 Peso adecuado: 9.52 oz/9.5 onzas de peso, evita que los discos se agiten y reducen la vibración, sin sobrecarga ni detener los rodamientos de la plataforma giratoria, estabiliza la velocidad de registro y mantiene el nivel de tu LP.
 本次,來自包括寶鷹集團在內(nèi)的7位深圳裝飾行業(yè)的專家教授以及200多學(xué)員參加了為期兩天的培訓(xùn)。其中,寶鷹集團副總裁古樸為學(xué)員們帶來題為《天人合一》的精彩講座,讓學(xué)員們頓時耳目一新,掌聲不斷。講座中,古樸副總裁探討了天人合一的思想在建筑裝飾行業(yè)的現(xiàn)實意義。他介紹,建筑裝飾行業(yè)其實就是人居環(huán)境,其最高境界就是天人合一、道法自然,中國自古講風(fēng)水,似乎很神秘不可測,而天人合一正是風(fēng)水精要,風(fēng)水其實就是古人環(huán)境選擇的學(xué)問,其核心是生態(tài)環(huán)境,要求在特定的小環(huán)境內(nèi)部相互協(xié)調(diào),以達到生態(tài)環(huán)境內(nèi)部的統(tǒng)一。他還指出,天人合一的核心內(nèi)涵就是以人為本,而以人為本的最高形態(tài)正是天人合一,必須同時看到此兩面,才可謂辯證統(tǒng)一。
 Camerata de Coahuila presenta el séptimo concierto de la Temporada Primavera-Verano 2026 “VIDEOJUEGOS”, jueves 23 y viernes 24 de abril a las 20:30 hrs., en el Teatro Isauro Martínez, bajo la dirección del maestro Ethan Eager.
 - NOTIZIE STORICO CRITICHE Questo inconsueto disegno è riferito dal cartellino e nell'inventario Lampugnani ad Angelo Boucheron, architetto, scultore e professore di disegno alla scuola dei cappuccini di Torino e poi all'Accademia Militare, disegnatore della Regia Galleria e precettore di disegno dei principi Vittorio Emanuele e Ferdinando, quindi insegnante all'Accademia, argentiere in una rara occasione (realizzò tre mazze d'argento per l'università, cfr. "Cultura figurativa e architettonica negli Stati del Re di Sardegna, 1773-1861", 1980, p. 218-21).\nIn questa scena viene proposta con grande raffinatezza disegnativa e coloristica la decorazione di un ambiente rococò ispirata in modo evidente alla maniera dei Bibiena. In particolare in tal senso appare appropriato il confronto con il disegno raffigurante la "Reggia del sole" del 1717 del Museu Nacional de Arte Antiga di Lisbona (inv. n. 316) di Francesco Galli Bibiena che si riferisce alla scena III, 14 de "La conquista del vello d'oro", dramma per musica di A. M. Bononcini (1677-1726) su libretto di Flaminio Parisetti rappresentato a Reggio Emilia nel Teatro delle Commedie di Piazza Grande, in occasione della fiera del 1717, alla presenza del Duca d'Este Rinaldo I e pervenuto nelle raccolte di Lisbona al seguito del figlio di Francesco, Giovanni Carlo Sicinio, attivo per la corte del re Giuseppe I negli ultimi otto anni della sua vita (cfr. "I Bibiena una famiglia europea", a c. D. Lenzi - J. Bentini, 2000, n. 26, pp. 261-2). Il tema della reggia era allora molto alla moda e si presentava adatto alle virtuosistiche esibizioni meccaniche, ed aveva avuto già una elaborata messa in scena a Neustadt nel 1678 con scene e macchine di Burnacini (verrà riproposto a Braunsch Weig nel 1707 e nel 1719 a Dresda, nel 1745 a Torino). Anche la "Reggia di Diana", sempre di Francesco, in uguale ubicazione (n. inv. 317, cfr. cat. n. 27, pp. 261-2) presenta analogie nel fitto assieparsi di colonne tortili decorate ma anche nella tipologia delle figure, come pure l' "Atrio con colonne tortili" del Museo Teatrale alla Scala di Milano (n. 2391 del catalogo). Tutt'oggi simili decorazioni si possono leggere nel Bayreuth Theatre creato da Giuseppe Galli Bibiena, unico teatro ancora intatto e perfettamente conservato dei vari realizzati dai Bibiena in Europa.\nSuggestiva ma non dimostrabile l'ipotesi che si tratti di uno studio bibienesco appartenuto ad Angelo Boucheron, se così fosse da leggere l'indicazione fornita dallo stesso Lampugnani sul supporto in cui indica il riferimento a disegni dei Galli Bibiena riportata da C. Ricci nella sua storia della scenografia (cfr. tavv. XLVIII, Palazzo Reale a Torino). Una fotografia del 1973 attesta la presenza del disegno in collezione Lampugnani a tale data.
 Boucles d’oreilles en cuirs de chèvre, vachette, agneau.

...

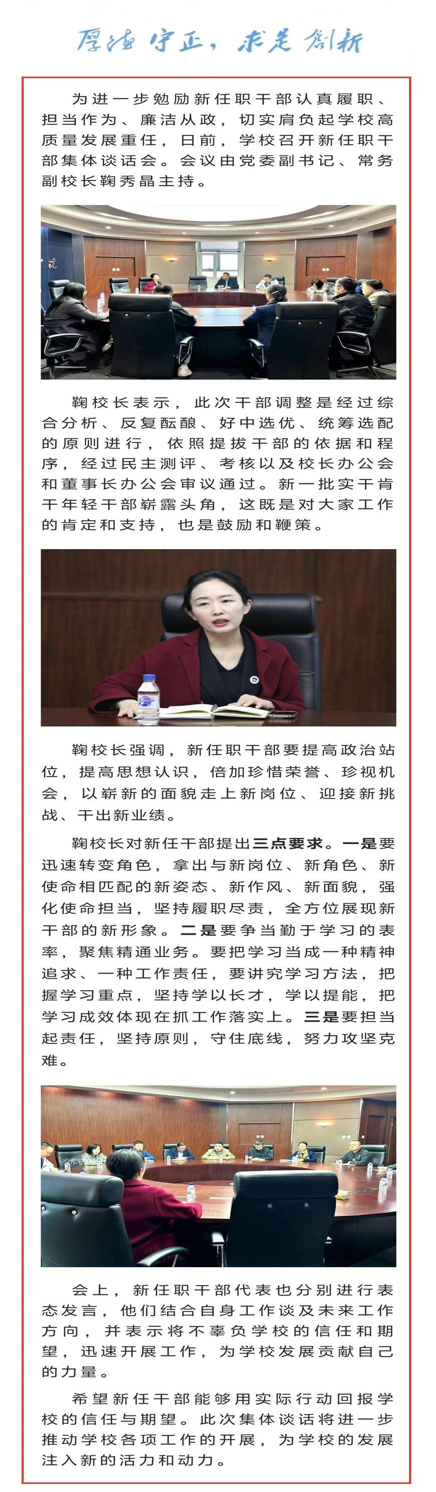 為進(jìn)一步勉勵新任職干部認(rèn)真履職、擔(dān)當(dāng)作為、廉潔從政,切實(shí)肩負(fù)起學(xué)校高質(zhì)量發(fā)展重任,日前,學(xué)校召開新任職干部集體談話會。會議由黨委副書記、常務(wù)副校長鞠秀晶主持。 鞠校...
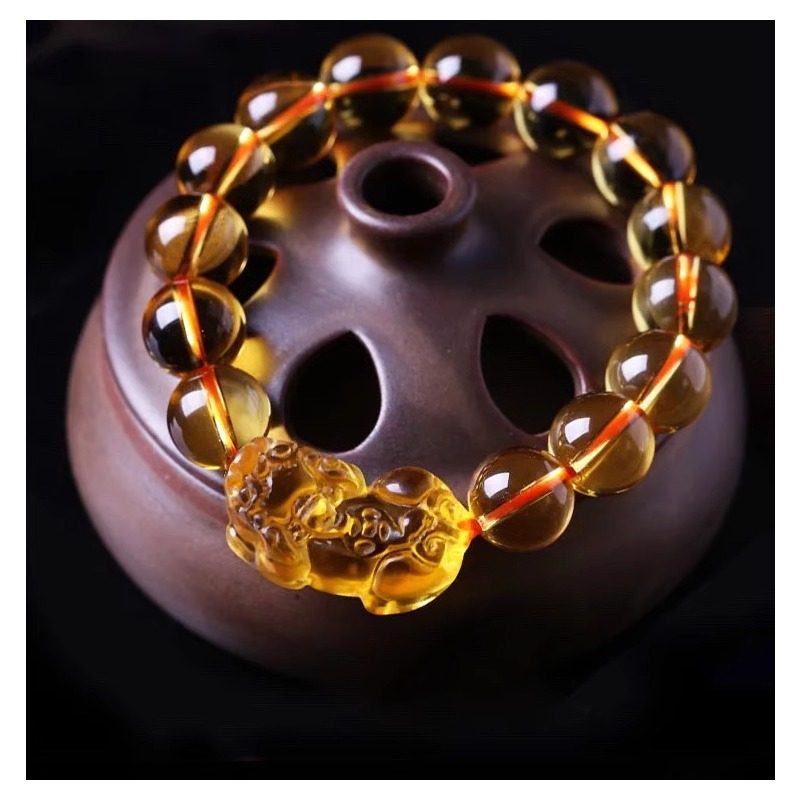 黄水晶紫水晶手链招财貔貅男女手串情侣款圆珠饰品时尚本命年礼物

**Problem statement:**
Reproduce, word for word and in full, only the lines above that start at the line with "本次,來自包括寶鷹集團在內(nèi)的7" and run through the line with "Camerata de Coahuila", both ends included.

**Response:**
 本次,來自包括寶鷹集團在內(nèi)的7位深圳裝飾行業(yè)的專家教授以及200多學(xué)員參加了為期兩天的培訓(xùn)。其中,寶鷹集團副總裁古樸為學(xué)員們帶來題為《天人合一》的精彩講座,讓學(xué)員們頓時耳目一新,掌聲不斷。講座中,古樸副總裁探討了天人合一的思想在建筑裝飾行業(yè)的現(xiàn)實意義。他介紹,建筑裝飾行業(yè)其實就是人居環(huán)境,其最高境界就是天人合一、道法自然,中國自古講風(fēng)水,似乎很神秘不可測,而天人合一正是風(fēng)水精要,風(fēng)水其實就是古人環(huán)境選擇的學(xué)問,其核心是生態(tài)環(huán)境,要求在特定的小環(huán)境內(nèi)部相互協(xié)調(diào),以達到生態(tài)環(huán)境內(nèi)部的統(tǒng)一。他還指出,天人合一的核心內(nèi)涵就是以人為本,而以人為本的最高形態(tài)正是天人合一,必須同時看到此兩面,才可謂辯證統(tǒng)一。
 Camerata de Coahuila presenta el séptimo concierto de la Temporada Primavera-Verano 2026 “VIDEOJUEGOS”, jueves 23 y viernes 24 de abril a las 20:30 hrs., en el Teatro Isauro Martínez, bajo la dirección del maestro Ethan Eager.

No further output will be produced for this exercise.